- Assignment: Write out the data exactly as given, dropping every picture.

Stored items
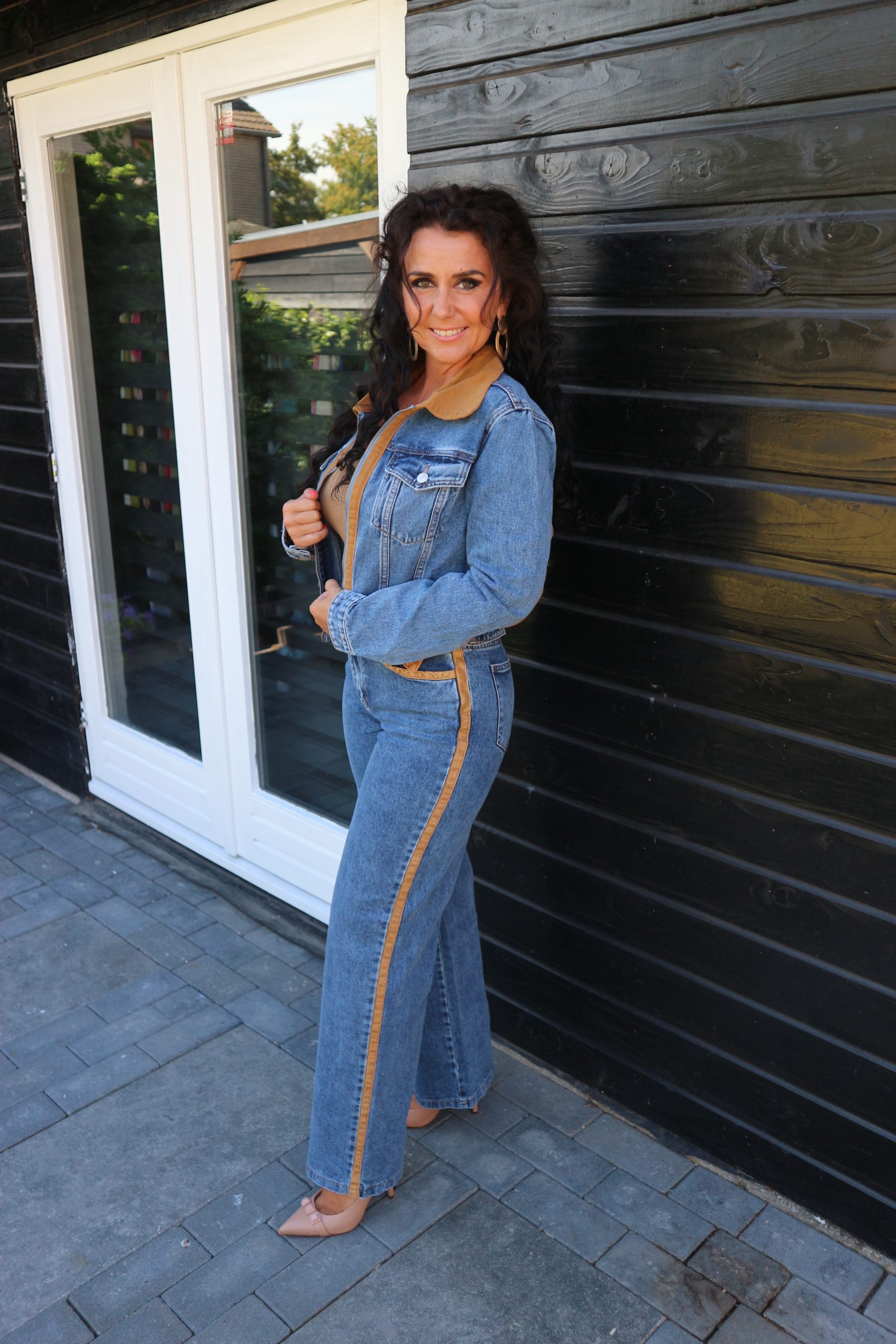 high waist stretch jeans met camel bies en bijpassend jasje
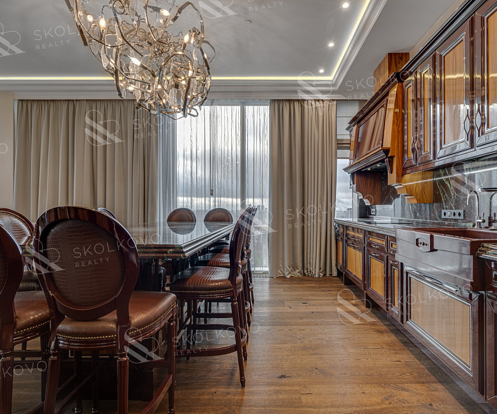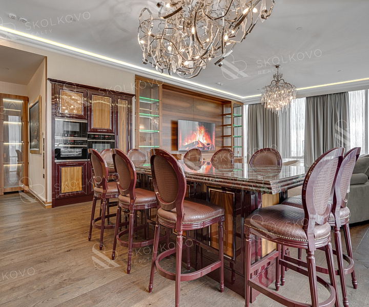В центре квартиры расположена великолепная кухня-гостиная, выполненная в гармоничном сочетании натуральных и элитарных материалов.
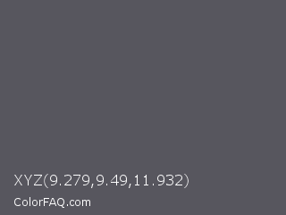 XYZ 9.279,9.49,11.932 Color is a normal indigo color and the nearest color is Scarpa Flow #585562. Hex code #57565e and RGB value is rgb(87,86,94). In RGB color space, this color is composed of 34% red, 34% green, 37% blue, In CMYK color space, this color is composed of 7% cyan, 9% magenta, 0% yellow , 63% black , In HSL color space, this color has a hue angle of 248° , 4% saturation and 35% lightness.
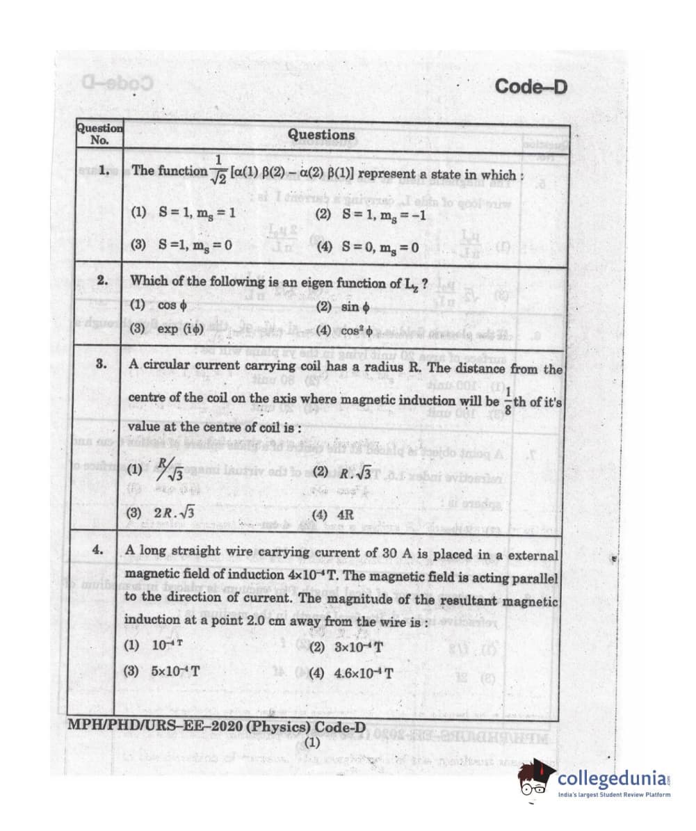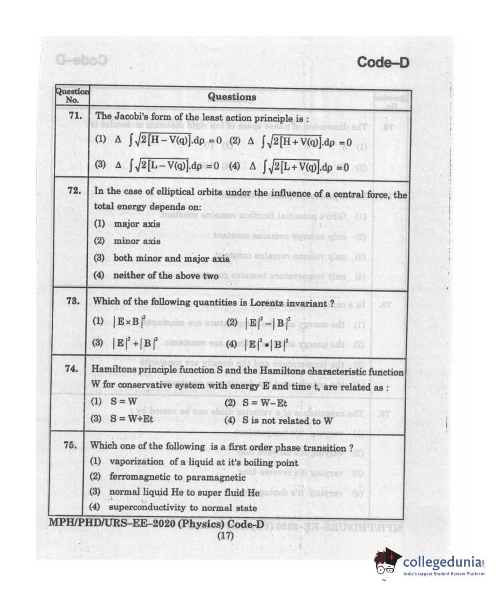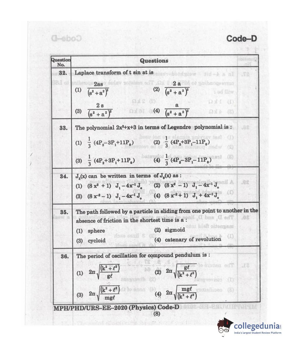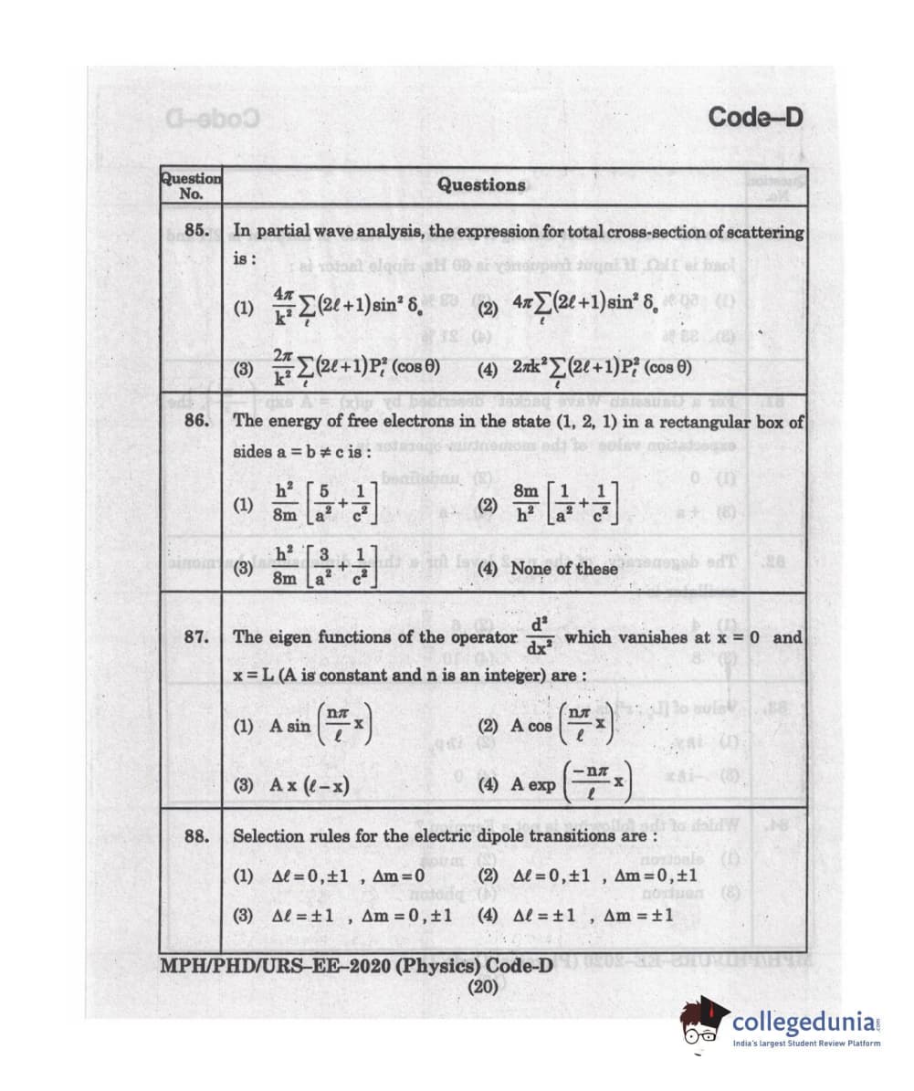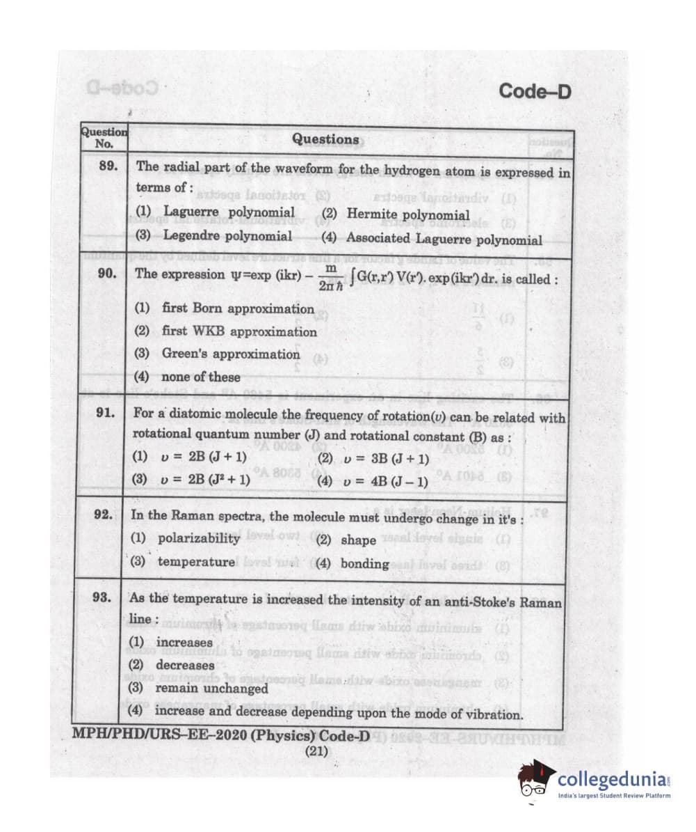 MDUCEE 2020 M.Phil/Ph.D/URS – Physics Set D Question Paper with Answer Key PDFs
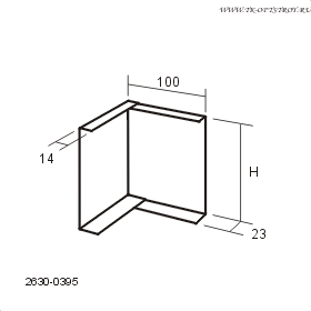 H=95 мм. Оцинкованная сталь, цвет белый 010. Угловой элемент для торцевого теневого профиля Connect 0394.
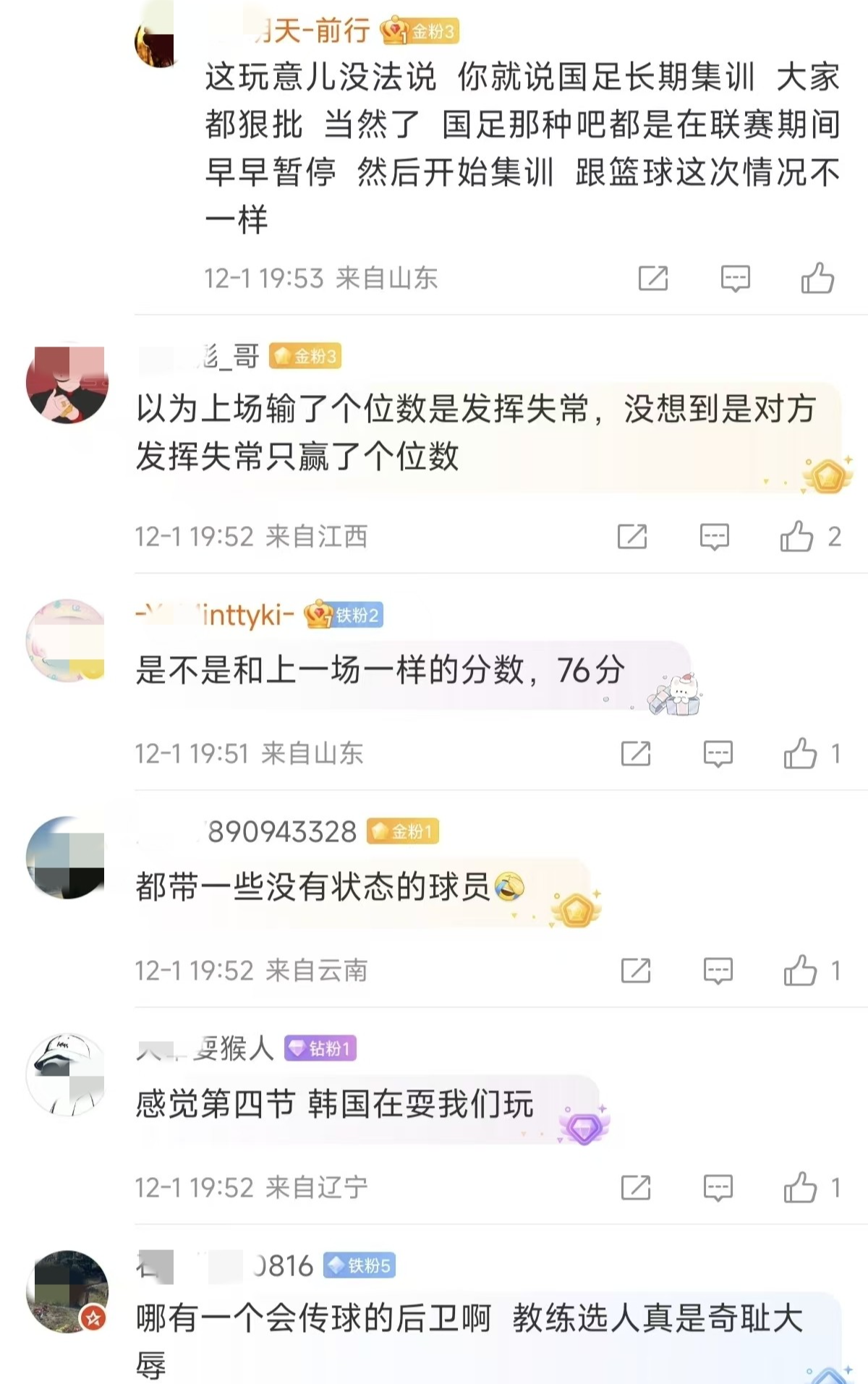 再看看球迷说的:“感觉第四节韩国在耍我们玩一样。”另外一个球迷说:“哪有一个会传球的后卫啊教练选人真是奇耻大辱。”
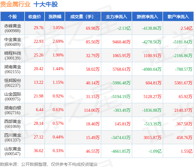 个股表现方面,贵金属行业当日领涨股为赤峰黄金(600988),该股当日报收29.76,上涨3.05%,成交量69.98万,主力资金净流出2.13亿元。中金黄金(600489)以上涨2.69%紧随其后,该股当日成交量85.5万,主力资金净流入9460.4万元。除此之外,晓程科技(300139)、湖南黄金(002155)、恒邦股份(002237)均进入当日牛股之列。具体个股列表见下表:
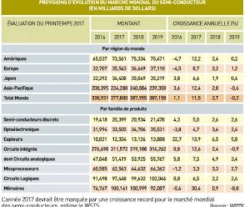 Le marché mondial des semi-conducteurs devrait atteindre 378 milliards de dollars en 2017 (+ 11,5%par rapport à l'an passé), selon…

- Output of the exercise:
 high waist stretch jeans met camel bies en bijpassend jasje
В центре квартиры расположена великолепная кухня-гостиная, выполненная в гармоничном сочетании натуральных и элитарных материалов.
 XYZ 9.279,9.49,11.932 Color is a normal indigo color and the nearest color is Scarpa Flow #585562. Hex code #57565e and RGB value is rgb(87,86,94). In RGB color space, this color is composed of 34% red, 34% green, 37% blue, In CMYK color space, this color is composed of 7% cyan, 9% magenta, 0% yellow , 63% black , In HSL color space, this color has a hue angle of 248° , 4% saturation and 35% lightness.
 MDUCEE 2020 M.Phil/Ph.D/URS – Physics Set D Question Paper with Answer Key PDFs
 H=95 мм. Оцинкованная сталь, цвет белый 010. Угловой элемент для торцевого теневого профиля Connect 0394.
 再看看球迷说的:“感觉第四节韩国在耍我们玩一样。”另外一个球迷说:“哪有一个会传球的后卫啊教练选人真是奇耻大辱。”
 个股表现方面,贵金属行业当日领涨股为赤峰黄金(600988),该股当日报收29.76,上涨3.05%,成交量69.98万,主力资金净流出2.13亿元。中金黄金(600489)以上涨2.69%紧随其后,该股当日成交量85.5万,主力资金净流入9460.4万元。除此之外,晓程科技(300139)、湖南黄金(002155)、恒邦股份(002237)均进入当日牛股之列。具体个股列表见下表:
 Le marché mondial des semi-conducteurs devrait atteindre 378 milliards de dollars en 2017 (+ 11,5%par rapport à l'an passé), selon…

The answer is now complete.